Thoreau’s Influence: "Thoreau's careful observations and devastating conclusions have rippled into time, becoming stronger as the weaknesses Thoreau noted have become more pronounced…Events that seem to be completely unrelated to his stay at Walden Pond have been influenced by it, including the national park system, the British labor movement, the creation of India, the civil rights movement, the hippie revolution, and the environmental movement. Today, Thoreau's words are quoted with feeling by liberals, socialists, anarchists, libertarians, and conservatives alike." —Ken Kifer
Wherever There Is Beauty… Thoreau’s death went relatively unnoticed. In November 1860, he caught a severe cold that slowly deepened into consumption (tuberculosis) from which he never recovered. On May 6, 1862, at the age of 44, Henry David Thoreau died. Months later, Ralph Waldo Emerson published a eulogy for his friend, “He was bred to no profession; he never married; he lived alone; he never went to church; he never voted; he refused to pay a tax to the State: he ate no flesh, he drank no wine, he never knew the use of tobacco; and, though a naturalist, he used neither trap nor gun. He chose, wisely, no doubt, for himself, to be the bachelor of thought and Nature. He had no talent for wealth, and knew how to be poor without the least hint of squalor or inelegance…Thoreau was sincerity itself.” Emerson’s eulogy concluded, “The country knows not yet, or in the least part, how great a son it has lost. His soul was made for the noblest society; he had in a short life exhausted the capabilities of this world; wherever there is knowledge, wherever there is virtue, wherever there is beauty, he will find a home.”

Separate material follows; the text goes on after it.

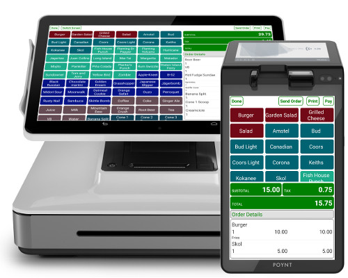 Elegant counter top all-in-one devices include a large screen, receipt printer, barcode scanner, cash drawer and customer facing display. Portable devices allow you to sell anywhere.

Memorable Quotes Henry David Thoreau 1"That government is best which governs least.” 2“Do not be too moral. You may cheat yourself out of much life. Aim above morality. Be not simply good; be good for something.” 3“How vain it is to sit down to write when you have not stood up to live.” 4“If you have built castles in the air, your work need not be lost; that is where they should be. Now put the foundations under them.” 5“In wildness is the preservation of the world.” 6“Our life is frittered away by detail. Simplify, simplify.” 7“Men have become the tools of their tools.” 8“Go confidently in the direction of your dreams! Live the life you've imagined. As you simplify your life, the laws of the universe will be simpler.” 9“A man is rich in proportion to the number of things he can afford to let alone.” 10“What is the use of a house if you haven't got a tolerable planet to put it on?”